[WHAT NEEDS TO BE DONE] Every record below should be repeated exactly, with the pictures left out.

==== GIVEN INFORMATION

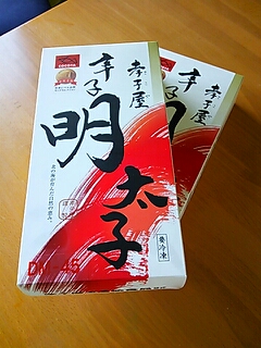 「辛子明太子」と書かれた立派な箱がふたつも…。
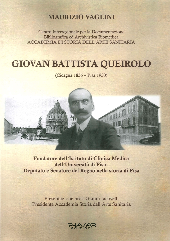 Giovan Battista Queirolo è tra i più importanti clinici medici di fine ’800-inizio ’900, riconosciuto in Italia e all’estero, al quale sono attribuite anche doti umane non comuni, tanto da essere indicato come “il medico dei poveri”. Allievo di Maragliano, a Pisa si distingue per disponibilità, oratoria ed intelligenza, coinvolge grandi personalità, per finire nella vita politica della città. Il suo motto sarà sempre “scienza e carità”. Viene eletto nelle file del partito monarchico liberale prima come deputato e poi come senatore del Regno, per gli interessi della città. Realizza l’Istituto di Clinica Medica e si impegna in lotte sindacali a favore di diverse classi sociali. A contatto di grandi poeti come Borchardt e Pascoli, la sua vita è caratterizzata dall’amicizia con il Re Vittorio Emanuele e con la Regina Elena. Durante la I guerra mondiale è a favore dell’interventismo. Con l’avvento del fascismo fa parte del sistema. Viene nominato Direttore di vari stabilimenti Termali (Bagni di Pisa, Bagni di Lucca, Terme di Montecatini, Acque della Salute di Livorno, Uliveto Terme e Acqua acidula di Agnano). Viene sepolto nella Chiesa Monumentale di San Francesco di Pisa.| Autore | Maurizio Vaglini |
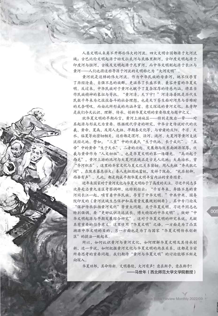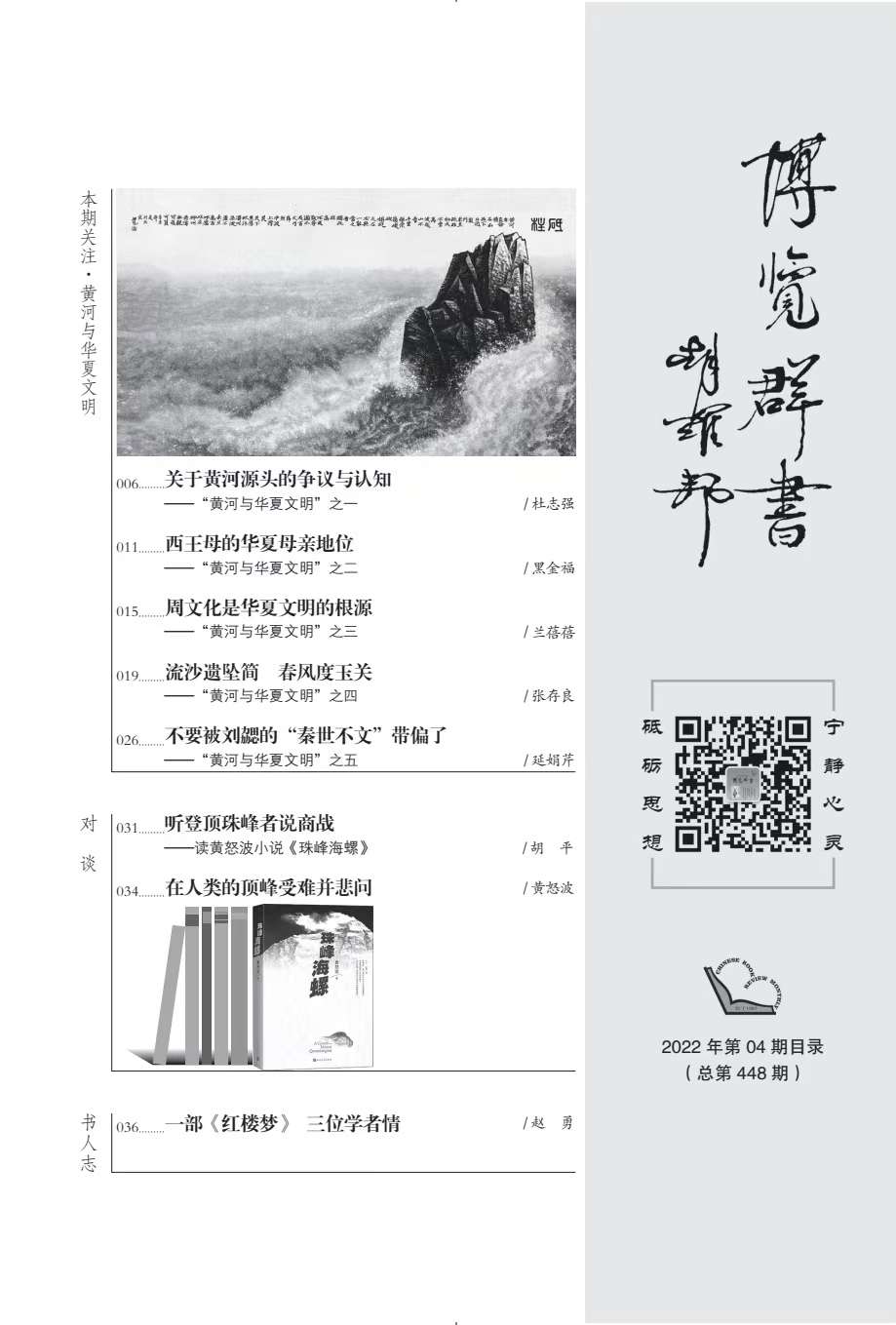 “黃河與華夏文明”系列文章(共9篇),由《博覽群書》編輯部邀約西北師范大學(xué)文學(xué)院馬世年、杜志強等著名專家策劃、組稿,作者有馬世年、杜志強、張景平、延娟芹、張存良、黑金福、劉陽杰、蘭蓓蓓等,分別刊發(fā)于《博覽群書》2022年3期、9期。系列文章著眼黃河文化,呼應(yīng)中央關(guān)于研究黃河文化的號召,探討華夏文明在黃河流域的發(fā)展、發(fā)生與傳承、創(chuàng)新;同時,欄目通過精準(zhǔn)立意、深入考證和生動表達,卓有成效地推介和普及了黃河文化,深化了國人對黃河文化的認識。已經(jīng)探討的相關(guān)論題有:歷史上關(guān)于黃河起源的爭議,黃河文化的內(nèi)涵,先周文化,秦早期文化,民族文化,西王母文化,絲路文化等。據(jù)《博覽群書》雜志介紹,鑒于這一主題的人文價值和巨大影響,編輯部將和學(xué)界更加密切配合,加強相關(guān)欄目,講好學(xué)術(shù)故事,推動黃河文化研究形成新局面和新氣象。
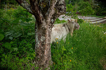 橋詰さんはここでも山羊の蓬と一緒である。狩宿蜂場の内検は30分ほどで終わった。7群の内検に3人で30分は、ゆっくりの作業だ。決して急がない養蜂チームの仕事を見て思い当たるのは、橋詰さんの人生観と重ね合わせた養蜂哲学だ。自然に任せる。蜂の立場で考える。人間からの関与は最小限とする。言葉で橋詰さんから聞いた訳ではないが、仕事ぶりを見ていて、そう伝わってくる。
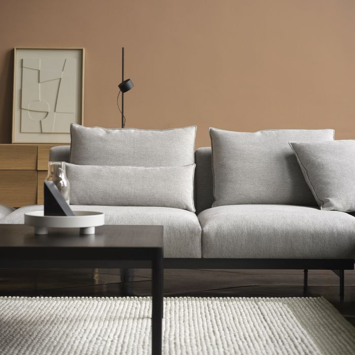 Structure en acier thermolaqué. Modules dans une construction en bois certifié FSC™️ (FSC-C028824) avec mousse et ouate. Intextile rembourré de Kvadrat ou Rohleder.
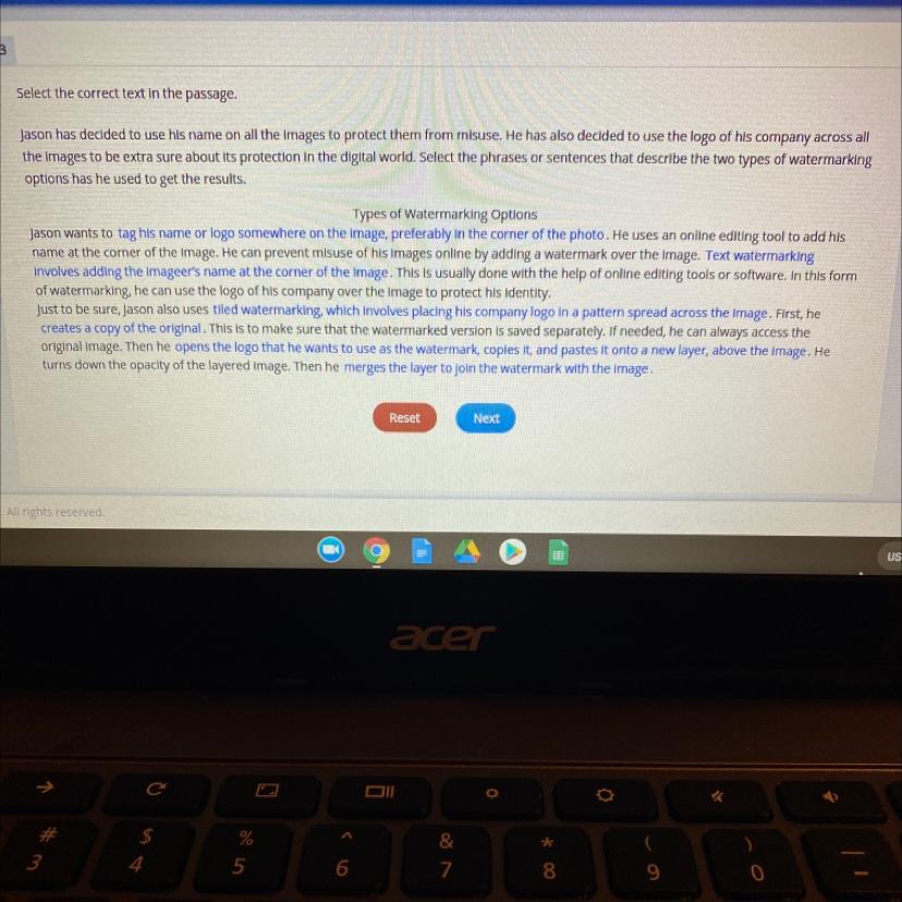 the images to be extra sure about its protection in the digital world. Select the phrases or sentences that describe the two types of watermarking
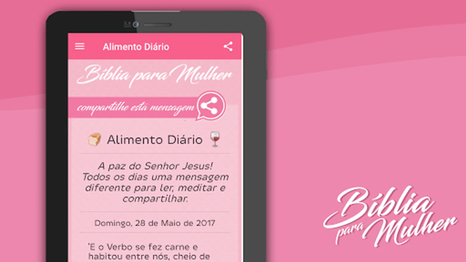 Daily Food, has daily messages based on biblical verses, which can be shared on your social networks;
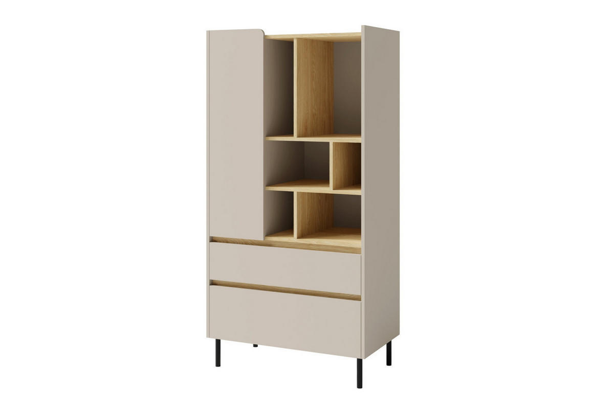 Die Kommode verfügt über zwei Schubladen und mehrere Regalfächer, die ideal für

========

[OUTPUT OF THE TASK]
 「辛子明太子」と書かれた立派な箱がふたつも…。
 Giovan Battista Queirolo è tra i più importanti clinici medici di fine ’800-inizio ’900, riconosciuto in Italia e all’estero, al quale sono attribuite anche doti umane non comuni, tanto da essere indicato come “il medico dei poveri”. Allievo di Maragliano, a Pisa si distingue per disponibilità, oratoria ed intelligenza, coinvolge grandi personalità, per finire nella vita politica della città. Il suo motto sarà sempre “scienza e carità”. Viene eletto nelle file del partito monarchico liberale prima come deputato e poi come senatore del Regno, per gli interessi della città. Realizza l’Istituto di Clinica Medica e si impegna in lotte sindacali a favore di diverse classi sociali. A contatto di grandi poeti come Borchardt e Pascoli, la sua vita è caratterizzata dall’amicizia con il Re Vittorio Emanuele e con la Regina Elena. Durante la I guerra mondiale è a favore dell’interventismo. Con l’avvento del fascismo fa parte del sistema. Viene nominato Direttore di vari stabilimenti Termali (Bagni di Pisa, Bagni di Lucca, Terme di Montecatini, Acque della Salute di Livorno, Uliveto Terme e Acqua acidula di Agnano). Viene sepolto nella Chiesa Monumentale di San Francesco di Pisa.| Autore | Maurizio Vaglini |
 “黃河與華夏文明”系列文章(共9篇),由《博覽群書》編輯部邀約西北師范大學(xué)文學(xué)院馬世年、杜志強等著名專家策劃、組稿,作者有馬世年、杜志強、張景平、延娟芹、張存良、黑金福、劉陽杰、蘭蓓蓓等,分別刊發(fā)于《博覽群書》2022年3期、9期。系列文章著眼黃河文化,呼應(yīng)中央關(guān)于研究黃河文化的號召,探討華夏文明在黃河流域的發(fā)展、發(fā)生與傳承、創(chuàng)新;同時,欄目通過精準(zhǔn)立意、深入考證和生動表達,卓有成效地推介和普及了黃河文化,深化了國人對黃河文化的認識。已經(jīng)探討的相關(guān)論題有:歷史上關(guān)于黃河起源的爭議,黃河文化的內(nèi)涵,先周文化,秦早期文化,民族文化,西王母文化,絲路文化等。據(jù)《博覽群書》雜志介紹,鑒于這一主題的人文價值和巨大影響,編輯部將和學(xué)界更加密切配合,加強相關(guān)欄目,講好學(xué)術(shù)故事,推動黃河文化研究形成新局面和新氣象。
 橋詰さんはここでも山羊の蓬と一緒である。狩宿蜂場の内検は30分ほどで終わった。7群の内検に3人で30分は、ゆっくりの作業だ。決して急がない養蜂チームの仕事を見て思い当たるのは、橋詰さんの人生観と重ね合わせた養蜂哲学だ。自然に任せる。蜂の立場で考える。人間からの関与は最小限とする。言葉で橋詰さんから聞いた訳ではないが、仕事ぶりを見ていて、そう伝わってくる。
 Structure en acier thermolaqué. Modules dans une construction en bois certifié FSC™️ (FSC-C028824) avec mousse et ouate. Intextile rembourré de Kvadrat ou Rohleder.
 the images to be extra sure about its protection in the digital world. Select the phrases or sentences that describe the two types of watermarking
 Daily Food, has daily messages based on biblical verses, which can be shared on your social networks;
 Die Kommode verfügt über zwei Schubladen und mehrere Regalfächer, die ideal für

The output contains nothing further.